According to John Kiriakou, leader of the CIA team that captured Zubaydah, the waterboarding got Zubaydah to talk "in less than 35 seconds." His information "probably disrupted dozens of planned al-Qaida attacks," Kiriakou told the network.
"This isn't something done willy-nilly. This isn't something where an agency officer just wakes up in the morning and decides he's going to carry out an enhanced technique on a prisoner," Kiriakou told ABC News. "This was a policy made at the White House, with concurrence from the National Security Council and Justice Department."

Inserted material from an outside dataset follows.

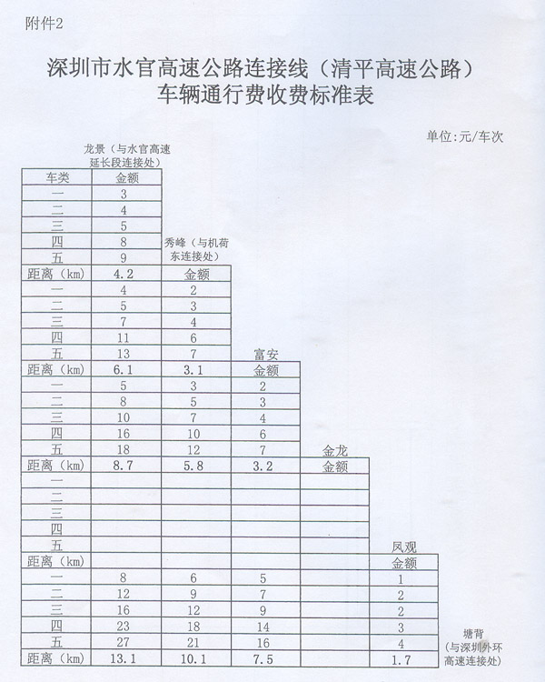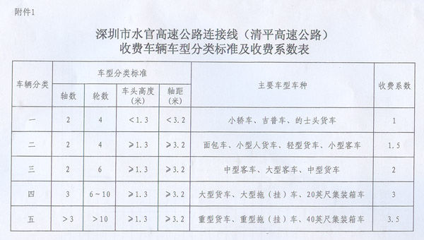 ? 廣東省人民政府辦公廳關(guān)于深圳水官高速 公路連接線(清平高速公路)車(chē)輛 通行費(fèi)有關(guān)問(wèn)題的復(fù)函 省交通運(yùn)輸廳、物價(jià)局: 粵交費(fèi)〔2013〕597號(hào)請(qǐng)示收悉。省人民政府同意深圳水官高速公路連接線(清平高速公路)交工驗(yàn)收通車(chē)和收費(fèi)站收費(fèi)設(shè)施經(jīng)驗(yàn)收符合省聯(lián)網(wǎng)收費(fèi)技術(shù)要求后開(kāi)始收費(fèi),收費(fèi)車(chē)型按全省高速公路統(tǒng)一標(biāo)準(zhǔn),即按車(chē)輛軸(輪)數(shù)及車(chē)頭高度等物理參數(shù)進(jìn)行分類(lèi),一至五類(lèi)車(chē)的收費(fèi)系數(shù)分別為1、1.5、2、3、3.5;收費(fèi)標(biāo)準(zhǔn)按0.6元/標(biāo)準(zhǔn)車(chē)公里執(zhí)行。

For decades before President Bush took office in 2001, the U.S. regarded waterboarding as a war crime under the Geneva Conventions that govern the treatment of prisoners of war, and America's own Uniform Code of Military Justice -- and had even prosecuted individuals for employing the technique.
Bush's Veto Threat Kills Bill to Ban CIA Torture
Bush further intensified suspicions of a "Torturegate" cover-up on Friday by threatening to veto a bill passed on the same day by the House that would bar the CIA from using waterboarding and other interrogation tactics branded torturous by critics.
The president's veto threat led Senate Republicans to throw up a procedural roadblock against the bill in the upper chamber, effectively killing the measure.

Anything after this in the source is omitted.